We then took a call, which hit the blokes hard, that we [the
British forces] had had our first two major casualties. One
guy was shot by small arms in his stomach. The other had
shrapnel wounds from an RPG. Then a Chinook flew in and
the casualties were extracted. The guy who was shot had
serious injuries, but they were not life-threatening. We then
took a call that we were going to extract back to FOB
Robinson to recoup the boys – give them a rest. It was now 2
or 3 p.m. So we all loaded up into the Vikings. At that stage,
I took my belt off – the webbing with all the pouches. On the
route back we had the WMIK in front. I was the lead platoon
so I had the Vikings in convoy and we were moving across a
desert. It was a big convoy: we had a good fifteen Vikings and
six or seven WMIKs along with a refuelling truck. I was the
fourth Viking in the packet. We were moving forward, and
that's all I remember.

Suddenly I woke up as if I was in a dream: the cab was
covered with smoke. I couldn't see anything, and I couldn't
hear anything. There was a ringing in my ears. I sort of woke
myself up. I looked down at the door – where the mine had
hit – although I didn't know I had been hit by a mine at that
stage. But the mine strike had blasted the doors ajar slightly,
just enough to put an arm or leg out, but not to squeeze my
body through. I initially went for the door because I thought:
Fuck, I've got to get out of here quick.
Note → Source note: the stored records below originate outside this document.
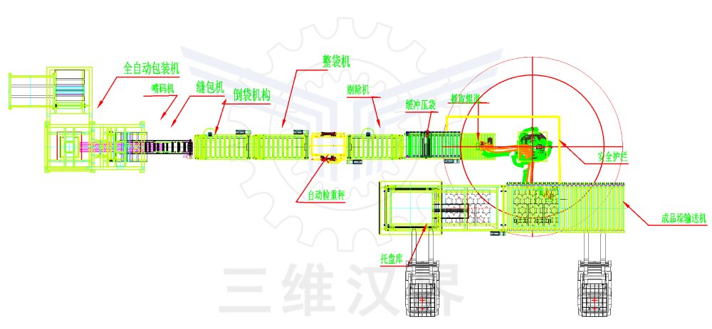 全自動碼垛設備具有碼放速度快、垛型整齊、自動化水平高的特點。主要由包裝袋壓平整理、緩沖輸送機、抓取輥道、托盤庫、機械手等裝置組成。整套設備動作準確、可靠、維護方便、節(jié)約人力成本,提高自動化水平。
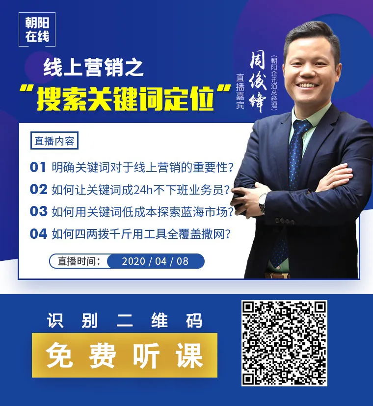 朝陽(yáng)在線全面啟動(dòng)免費(fèi)線上營(yíng)銷課程直播,這些課程幫助大部分企業(yè)解決“線上營(yíng)銷、盈利模式、如何布局遇到的問(wèn)題。不僅適合互聯(lián)網(wǎng)運(yùn)營(yíng)、創(chuàng)業(yè)者們,更適合個(gè)人及商家學(xué)習(xí)。
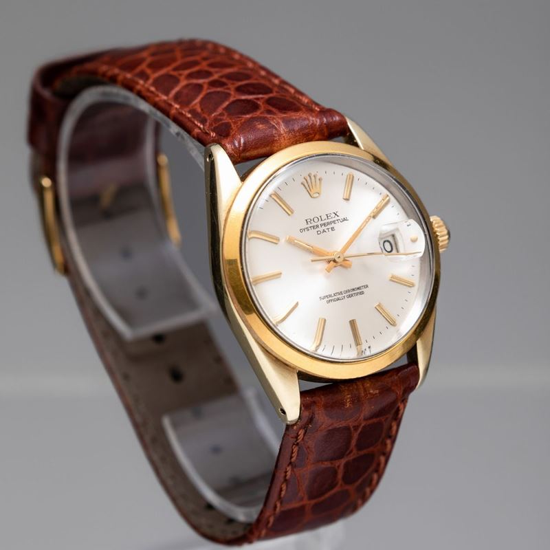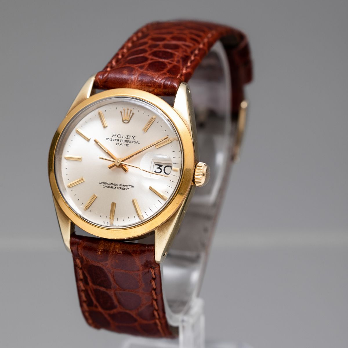 ROLEX - Raro Date ref 1550 "Gold Shell", in acciaio incamiciato d'oro con fibbia laminata originale.
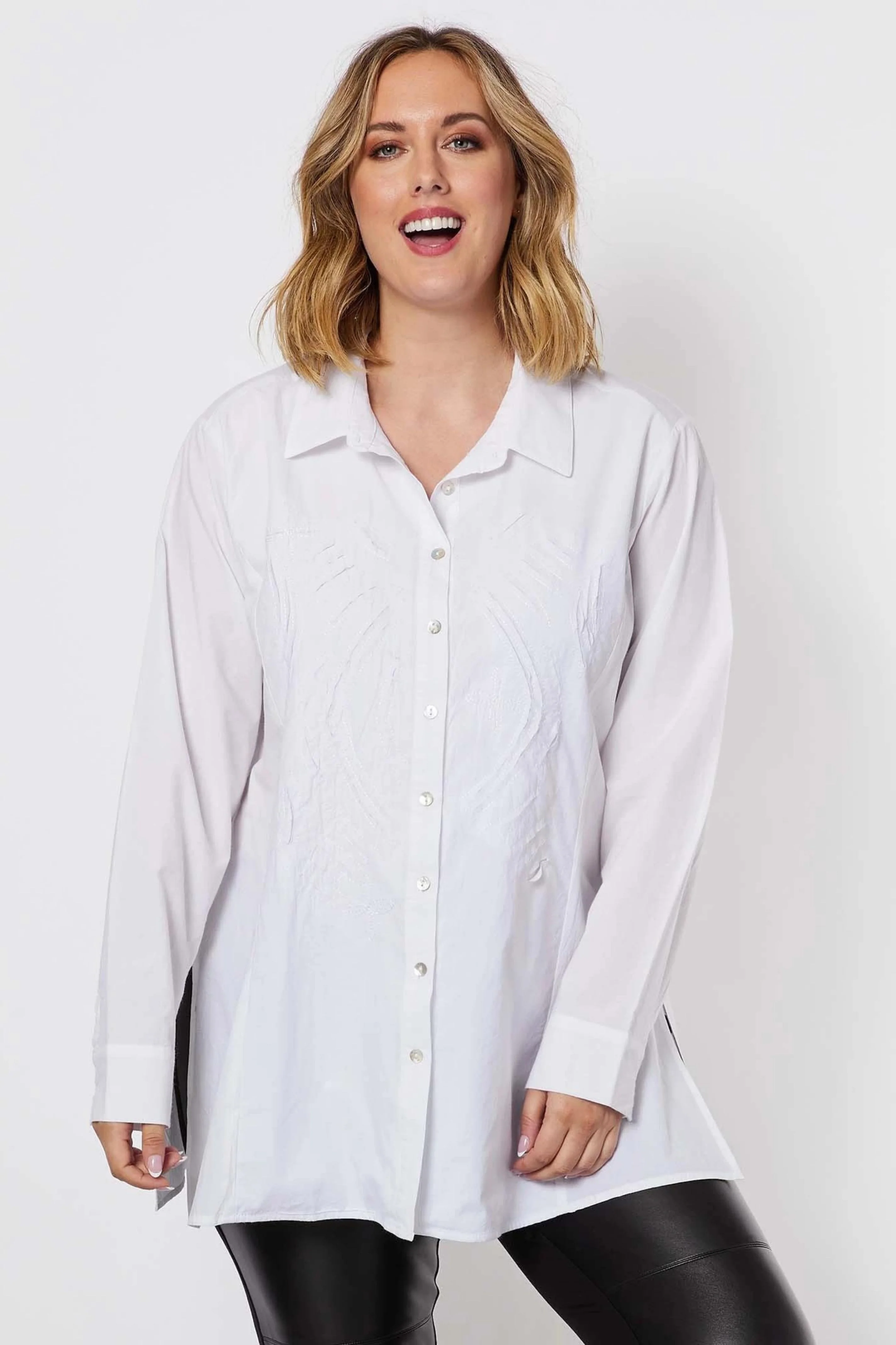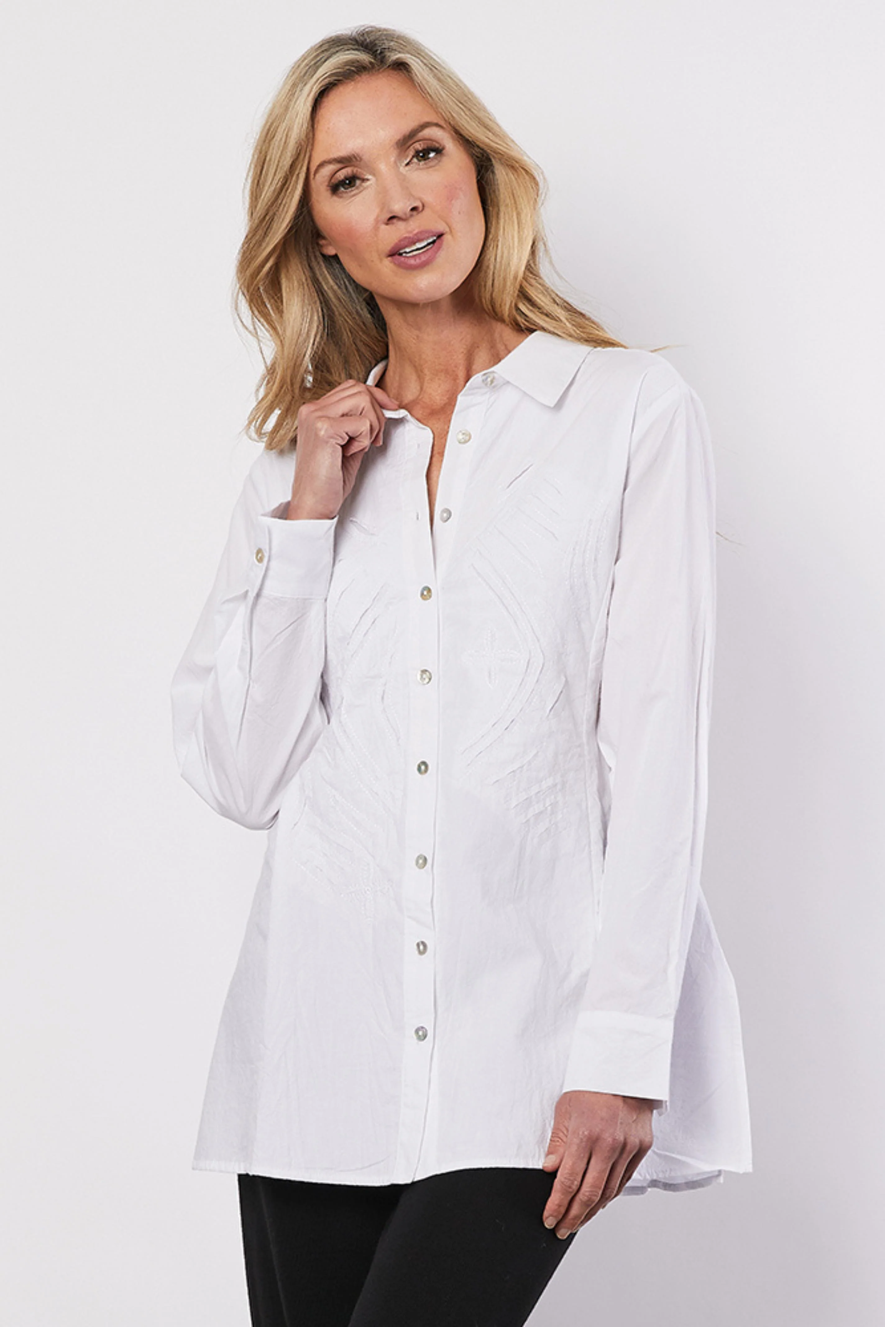 Adding a touch of sophistication, the shirt boasts intricate stitched detailing on the front, creating subtle texture and visual interest. The slightly flared hemline adds a modern twist to this classic wardrobe staple, making it perfect to pair with jeans, leggings, or dress pants.
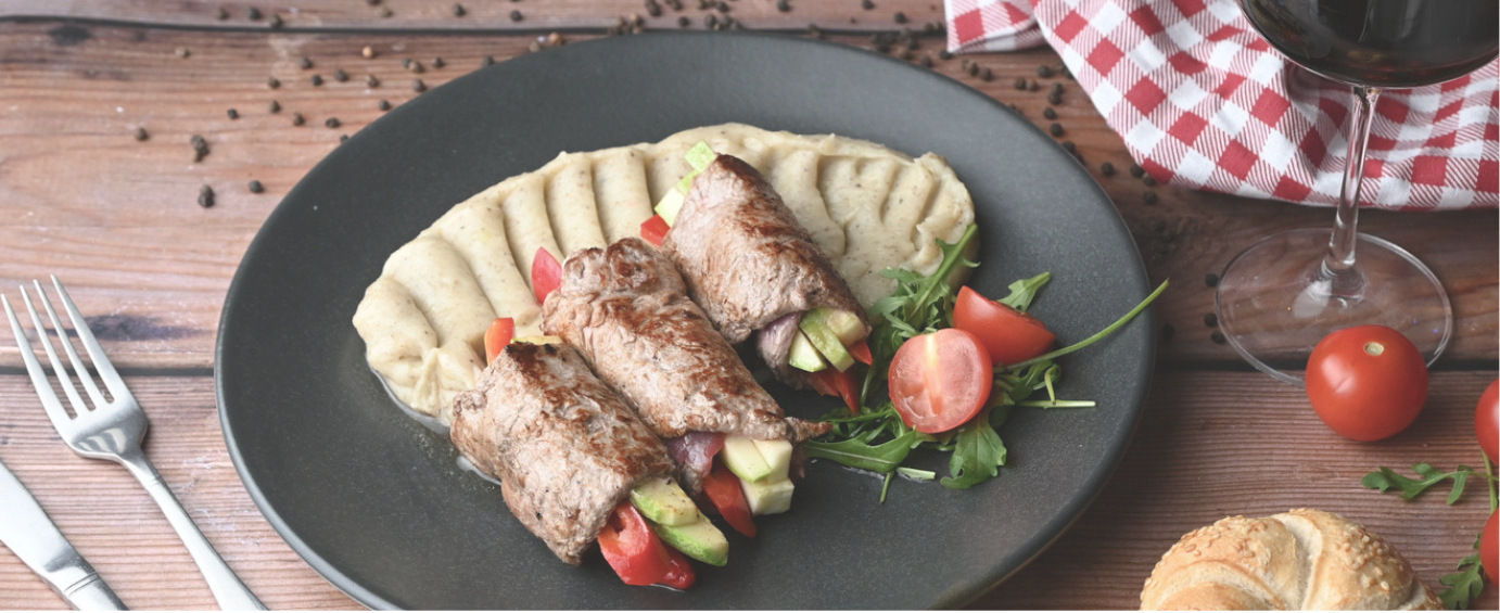 Biftek rolnice sa povrćem na pire krompiru sa tartufima. 2.600.00
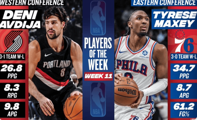 虎扑01月06日讯NBA更新官方社媒公布马克西、阿夫迪亚当选上周NBA最佳球员。
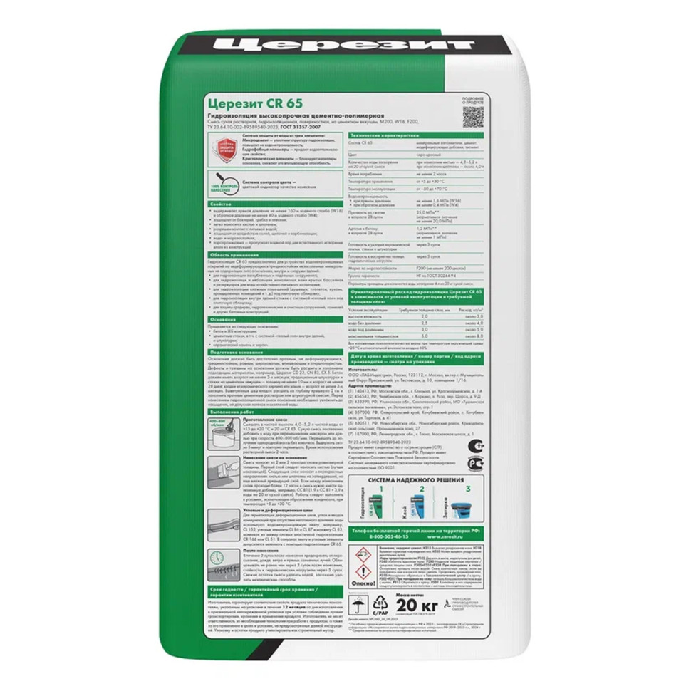 Жесткая цементная обмазочная гидроизоляция Церезит CR 65 мешок 20 кг
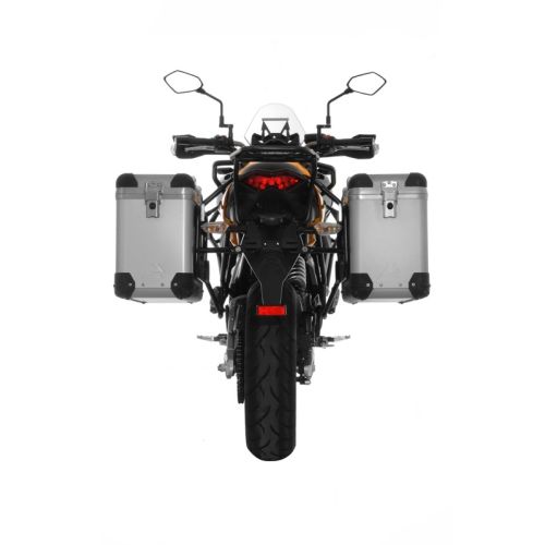 The aluminium pannier system again has a very robust construction. We have tried to bring the pannier racks and the panniers as close as possible to the motorcycle. Numerous tests have already been performed in order to ensure that the entire development satisfies the required demands.
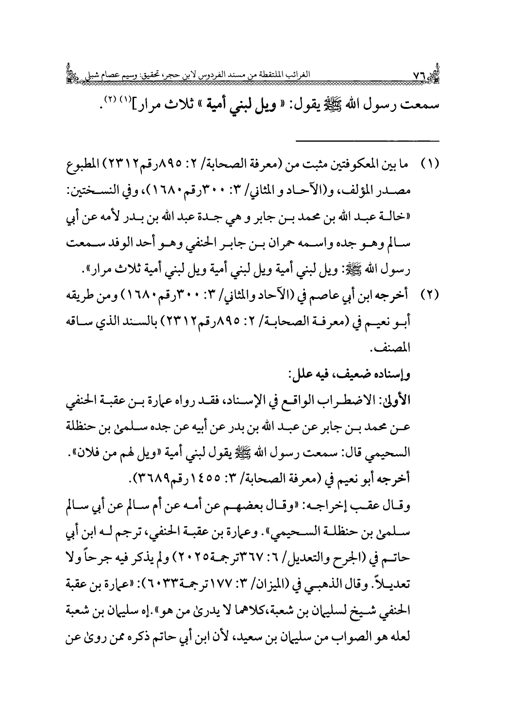 الأولى: الاضطراب الواقع في الإسناد، فقد رواه عمارة بن عقبة الحنفي عن محمد بن جابر عن عبد الله بن بدر عن أبيه عن جده سلمى بن حنظلة السحيمي قال: سمعت رسول الله -صلى الله عليه وسلم- يقول لبني أمية "ويل لهم من فلان".

But I couldn't get out
so I sat back down. I saw the whole engine block was on fire
on my left-hand side. I just remember feeling the heat and I
thought: Fucking hell! I have got to get out of this vehicle! We
had four of us in the front cab: me, the driver, the gunner
sitting on top and I had my 51 [mortar] man sitting on the
seat behind me. In the back cab – because it's a twin cab – I
had seven guys: five engineers, a medic and an additional
sniper, but they were essentially OK.